Once again, the "Fat Protocol Thesis" gradually intersects with the "App Chain Thesis" in the case of Osmosis; but more validation is needed to kickstart the entire price surge, as follows:

  • The positive feedback loop still lacks: The Osmosis community is strong and strategically aligned with the entire Cosmos ecosystem, attracting teams to deploy applications on the app chain; but investors seem to have yet to inject funds into the ecosystem.

  • Value accumulation is again unaffected by fee competition: Osmosis has implemented a 10 bps protocol market maker fee and profits based on spot trading volume; while also increasing value by providing security and shared data layers.
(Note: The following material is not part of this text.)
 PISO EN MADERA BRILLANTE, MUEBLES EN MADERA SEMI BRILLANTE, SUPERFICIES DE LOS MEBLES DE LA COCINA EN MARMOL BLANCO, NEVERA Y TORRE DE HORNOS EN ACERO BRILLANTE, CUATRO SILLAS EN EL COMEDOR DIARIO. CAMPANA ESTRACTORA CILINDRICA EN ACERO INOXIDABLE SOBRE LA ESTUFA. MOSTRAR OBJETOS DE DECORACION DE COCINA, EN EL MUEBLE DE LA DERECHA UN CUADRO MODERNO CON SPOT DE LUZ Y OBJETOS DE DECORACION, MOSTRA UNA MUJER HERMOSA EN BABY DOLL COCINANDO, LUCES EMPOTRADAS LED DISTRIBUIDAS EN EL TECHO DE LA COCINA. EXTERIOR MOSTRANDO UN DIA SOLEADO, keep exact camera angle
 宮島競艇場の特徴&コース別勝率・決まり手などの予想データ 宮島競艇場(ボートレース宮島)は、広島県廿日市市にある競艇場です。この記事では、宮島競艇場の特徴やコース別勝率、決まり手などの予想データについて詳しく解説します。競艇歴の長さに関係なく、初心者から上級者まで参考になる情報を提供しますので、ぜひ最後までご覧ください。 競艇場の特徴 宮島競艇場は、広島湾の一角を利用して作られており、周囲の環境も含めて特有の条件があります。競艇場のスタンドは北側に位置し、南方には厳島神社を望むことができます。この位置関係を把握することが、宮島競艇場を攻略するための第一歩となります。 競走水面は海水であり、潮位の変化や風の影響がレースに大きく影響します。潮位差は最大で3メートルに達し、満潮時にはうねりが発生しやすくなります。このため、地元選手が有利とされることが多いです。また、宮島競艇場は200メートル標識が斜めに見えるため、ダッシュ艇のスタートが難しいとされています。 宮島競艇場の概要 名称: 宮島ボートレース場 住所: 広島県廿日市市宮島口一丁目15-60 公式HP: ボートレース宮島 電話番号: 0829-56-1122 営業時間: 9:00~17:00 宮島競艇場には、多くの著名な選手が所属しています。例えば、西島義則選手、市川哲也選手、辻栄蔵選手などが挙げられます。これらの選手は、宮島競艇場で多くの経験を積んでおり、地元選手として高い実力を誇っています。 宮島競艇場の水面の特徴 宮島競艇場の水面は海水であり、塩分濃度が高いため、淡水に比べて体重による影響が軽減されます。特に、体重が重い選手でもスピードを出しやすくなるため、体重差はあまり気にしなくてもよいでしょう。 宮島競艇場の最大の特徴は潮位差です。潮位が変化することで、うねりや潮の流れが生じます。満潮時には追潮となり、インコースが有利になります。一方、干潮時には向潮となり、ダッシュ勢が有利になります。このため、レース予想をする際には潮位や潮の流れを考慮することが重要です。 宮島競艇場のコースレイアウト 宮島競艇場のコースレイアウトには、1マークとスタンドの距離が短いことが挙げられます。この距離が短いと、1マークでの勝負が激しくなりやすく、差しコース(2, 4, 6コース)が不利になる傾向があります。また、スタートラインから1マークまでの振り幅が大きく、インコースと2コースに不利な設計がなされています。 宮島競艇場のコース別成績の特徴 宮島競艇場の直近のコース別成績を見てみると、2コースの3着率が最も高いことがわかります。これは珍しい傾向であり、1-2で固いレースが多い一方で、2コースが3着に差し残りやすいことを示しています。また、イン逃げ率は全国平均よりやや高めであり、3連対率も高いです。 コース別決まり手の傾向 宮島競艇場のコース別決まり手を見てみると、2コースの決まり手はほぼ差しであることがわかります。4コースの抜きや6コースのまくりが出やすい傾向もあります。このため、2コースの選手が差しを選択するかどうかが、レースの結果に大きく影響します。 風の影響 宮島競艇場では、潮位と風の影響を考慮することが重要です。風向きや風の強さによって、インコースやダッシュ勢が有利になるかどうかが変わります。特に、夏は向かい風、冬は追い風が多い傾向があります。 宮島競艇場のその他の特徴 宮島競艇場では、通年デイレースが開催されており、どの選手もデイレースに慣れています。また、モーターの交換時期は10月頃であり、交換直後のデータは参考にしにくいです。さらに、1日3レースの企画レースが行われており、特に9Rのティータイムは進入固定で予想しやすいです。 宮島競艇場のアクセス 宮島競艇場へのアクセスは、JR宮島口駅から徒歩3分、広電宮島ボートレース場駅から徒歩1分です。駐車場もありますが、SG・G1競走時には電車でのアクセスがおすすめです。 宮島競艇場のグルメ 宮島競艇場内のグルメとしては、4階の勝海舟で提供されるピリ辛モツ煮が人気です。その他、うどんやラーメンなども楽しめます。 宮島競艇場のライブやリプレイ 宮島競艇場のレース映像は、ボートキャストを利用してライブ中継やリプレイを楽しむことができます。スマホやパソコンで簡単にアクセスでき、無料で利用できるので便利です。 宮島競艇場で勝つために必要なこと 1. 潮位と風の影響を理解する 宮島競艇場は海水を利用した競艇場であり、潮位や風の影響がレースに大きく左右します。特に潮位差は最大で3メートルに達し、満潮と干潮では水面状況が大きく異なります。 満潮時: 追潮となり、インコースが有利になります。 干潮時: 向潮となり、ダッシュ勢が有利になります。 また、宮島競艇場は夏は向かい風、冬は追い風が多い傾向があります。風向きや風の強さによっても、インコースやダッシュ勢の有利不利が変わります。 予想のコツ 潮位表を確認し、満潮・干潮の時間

  • The caveat here is that the protocol market maker fees may erode the unit economics for traders and arbitrageurs; this could impact spot trading volume in the long term unless Osmosis manages to build a sustainable barrier around protocol liquidity.

  • Liquidity fragmentation and composability issues are being addressed; native assets on the chain can be used in other DeFi primitives on the chain.

Conclusion

When $INJ rebounded earlier this year, I thought it was a one-time event, as the market was effectively re-evaluating the token, applying the trading multiples of perpetual futures exchanges to the protocol layer; and the token price would stop advancing after the price adjustment was completed.

It turned out to be one of my biggest mistakes this year. When I reflect on the underlying logic; combining the "Fat Protocol" and "App Chain" has actually created the most detestable rebound, as it addresses the legacy issues of both sides; and speculative value was injected into the system along with capital from institutional investors to kickstart the flywheel.

I believe more app chains will adopt this approach in the coming months; as most of them are seeking to diversify product offerings and retain value within the system, rather than competing with each other at the application level. The "Fat App Chain Thesis" may create more miracles in the public market.